When the powers on the right-hand side are expanded, subtractive cancellation will leave behind only even powers of k for the first bracketed terms and only odd powers of k for the second bracketed terms. The final summations will be exactly the same as those in the direct evaluation.

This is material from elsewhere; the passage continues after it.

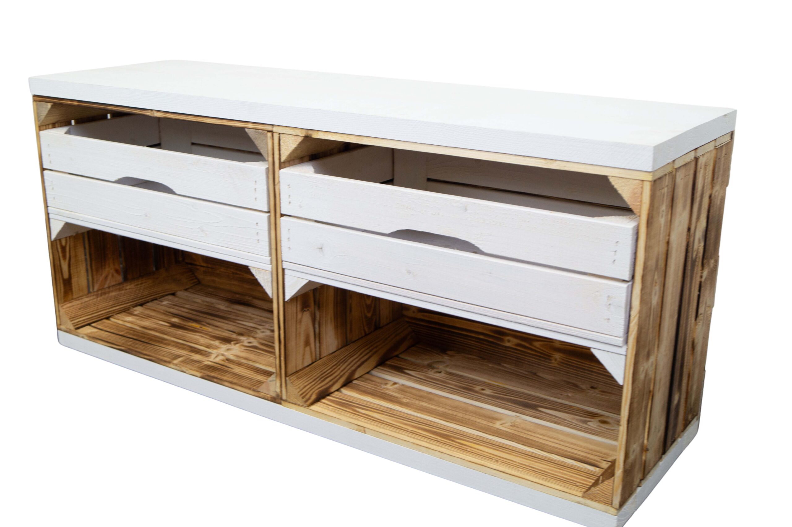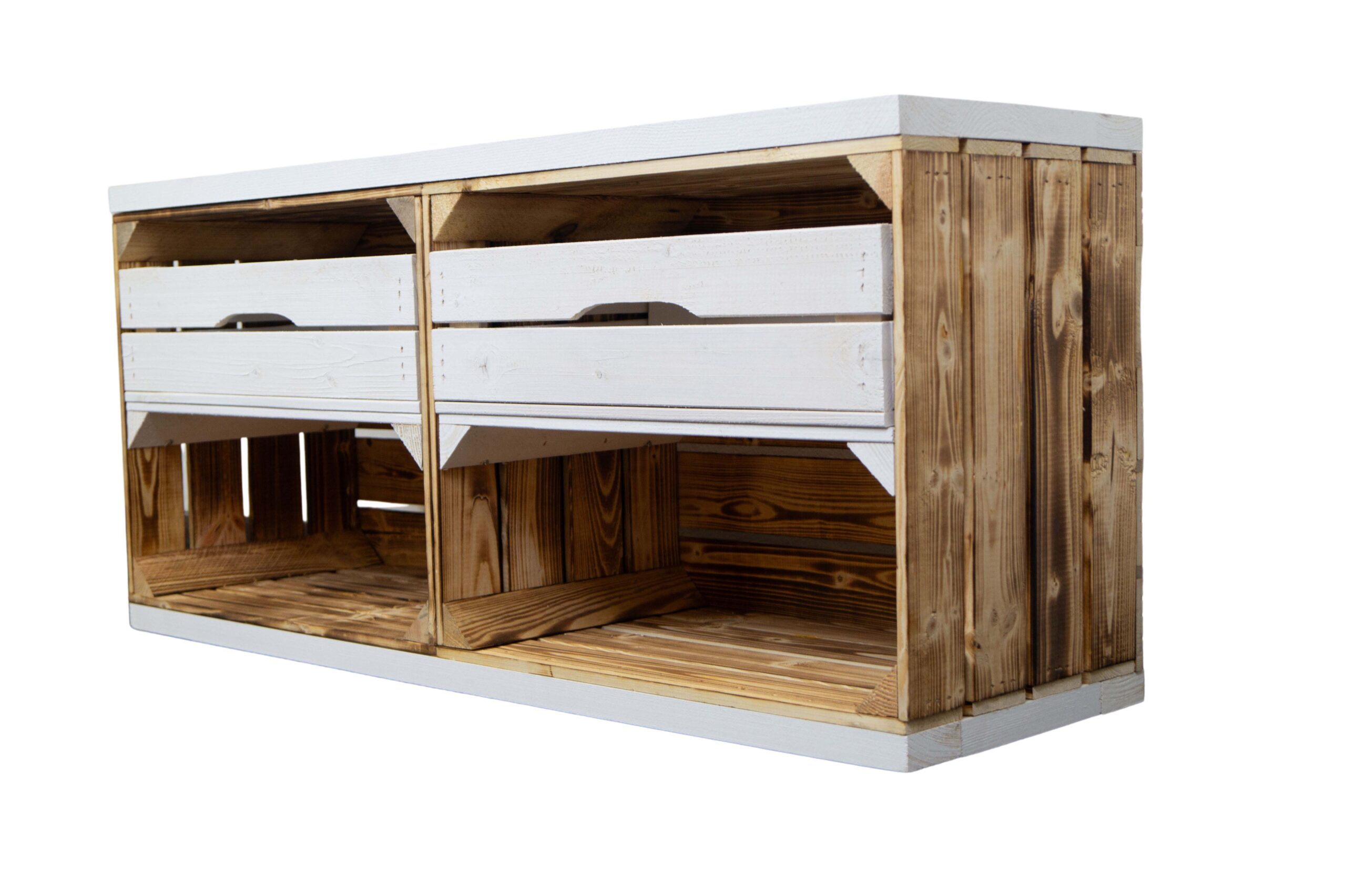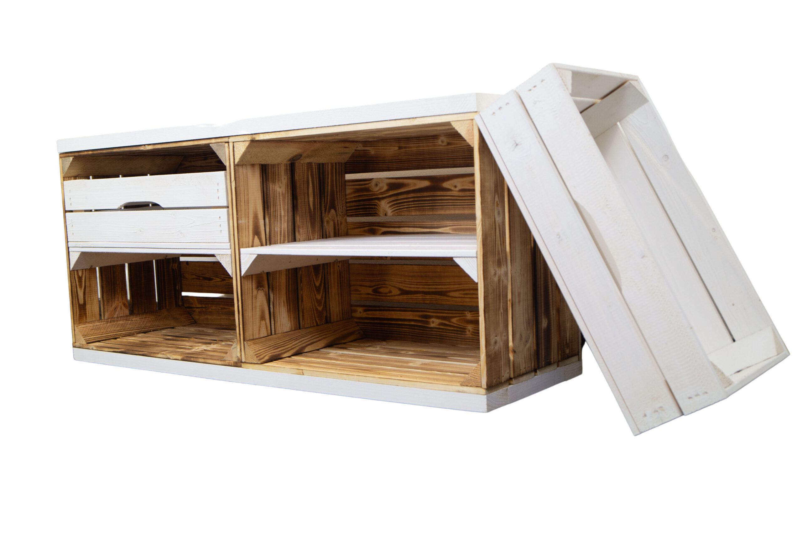 Regal aus zwei geflammten Kisten mit Mittelbrett und Bohlenbrett in weiß inkl. Schublade, auf Rollen

In retrospect the equivalence of these two forms for an arbitrary power of the Hermitian matrix is completely understandable, yet perhaps not completely obvious. Intuiting this second form for an arbitrary power would of course lead to the pleasingly simple result without any matrix diagonalization. Then again, if the intuiting were that obvious this simple result would appear in all quantum mechanics texts, wouldn’t it?